New Neurons in Adult Brain Buffer Stress
New neurons growing in the adult brain help buffer the effects of stress, according to a new study in mice. Previous research has suggested that the growth of new neurons, or neurogenesis, in adults is involved in recovery from depression. This work provides evidence that loss of new neurons plays a role in the development of depression and suggests that the stress response is the link between adult neurogenesis and depressive illness.
Research has generated provocative clues that changes in the growth of new neurons in the adult brain are centrally involved in the development of, and treatment for, depression. One of the areas of the brain in which neurogenesis is known to occur, the hippocampus, has a well known role in learning and memory, but it also helps regulate the stress response. Studies have shown that stress, a known risk factor for depression, and the hormones released as a result of stressful experiences, reduce the rate of neurogenesis in the hippocampus. Other studies have found that currently available antidepressants augment neurogenesis, as does exercise, which has been shown to increase resilience to stress.
On the other hand, while there has been much evidence pointing to a link between neurogenesis and depression, studies also report that animals in which neurogenesis has been prevented by various means do not develop behavior analogous to depression. This suggested that altered neurogenesis didn’t directly cause depression; the NIMH research was aimed at exploring the connection.
In this study, reported in the journal Nature, NIMH intramural scientists led by Heather Cameron interrupted adult neurogenesis in mice, then tracked how the mice responded to stress.
Testing pointed to an impaired ability by the mice to respond to stress when neurogenesis was absent. In a first test, the investigators used gene transfer to render newly growing neurons sensitive to an antiviral drug, so that newly dividing, but not mature neurons, are eliminated. They then compared how mice with and without adult neurogenesis responded to being restrained, a stressor for mice. Immediately after the restraint ended, both groups of mice had similar levels of the hormone corticosterone, a marker of stress. Thirty minutes later, however, corticosterone was still elevated in the mice without adult neurogenesis, suggesting that their ability to recover from stress was compromised. In addition, the investigators showed that it was neurogenesis specifically in the hippocampus and not other areas of the brain that altered the response to stress.
In another standard test of depression-like behavior, which reliably shows the effects of antidepressants on behavior, the mice were offered food but had to venture into an open, exposed space to get it. Mice that had not been subjected to stress responded similarly whether or not neurogenesis was intact. If the mice were first stressed by being restrained, however, those in which neurogenesis was impaired took longer to eat, preferring safety to food. These and other tests suggested that the presence or absence of neurogenesis affected how the mice responded to stress, both in terms of internal hormonal responses and behavior.

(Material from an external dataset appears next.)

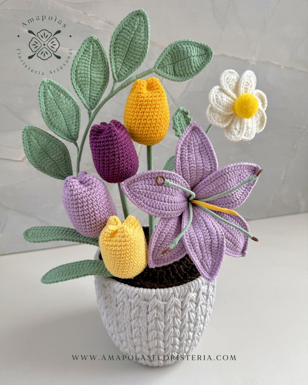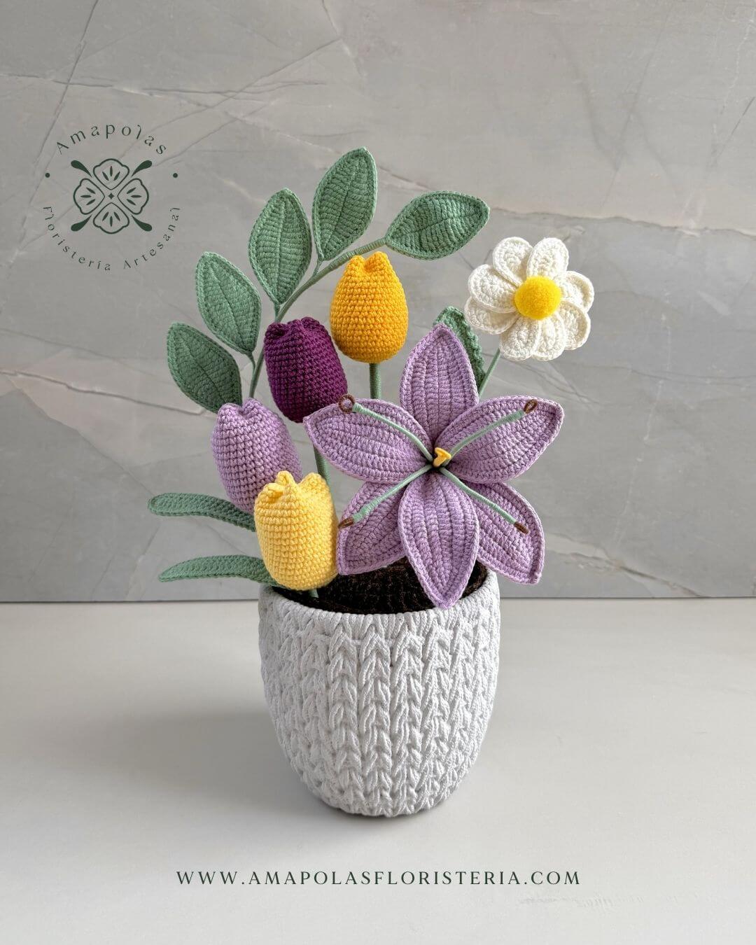 * 🌱Radiante lirio tejido pétalo a pétalo con 4 elegantes tulipanes clásicos y 1 hermosa margarita tejida pétalo a pétalo, todo armonizado con delicadeza.

Stress is a key risk factor for depression, but some people seem especially vulnerable to stress while others are resilient. Previous research has shown that the hippocampus is involved in regulation of the stress response system and that stress impairs neurogenesis in the hippocampus. This work suggests that adult neurogenesis helps an individual weather stress. Thus stress itself could lead to a self-reinforcing cycle leading towards a declining ability to respond effectively to stress, in some cases leading to depression. Understanding how adult neurogenesis is involved in the development of depression—and how it is involved in the actions of antidepressant medications and other therapeutic and preventive approaches—can help inform the development of new ways to prevent and treat depression.
Snyder, J.S., Soumier, A., Brewer, M., Pickel, J., and Cameron, H.A. Nature Aug 3, 2011. Epub ahead of print. doi: 10.1038/nature10287.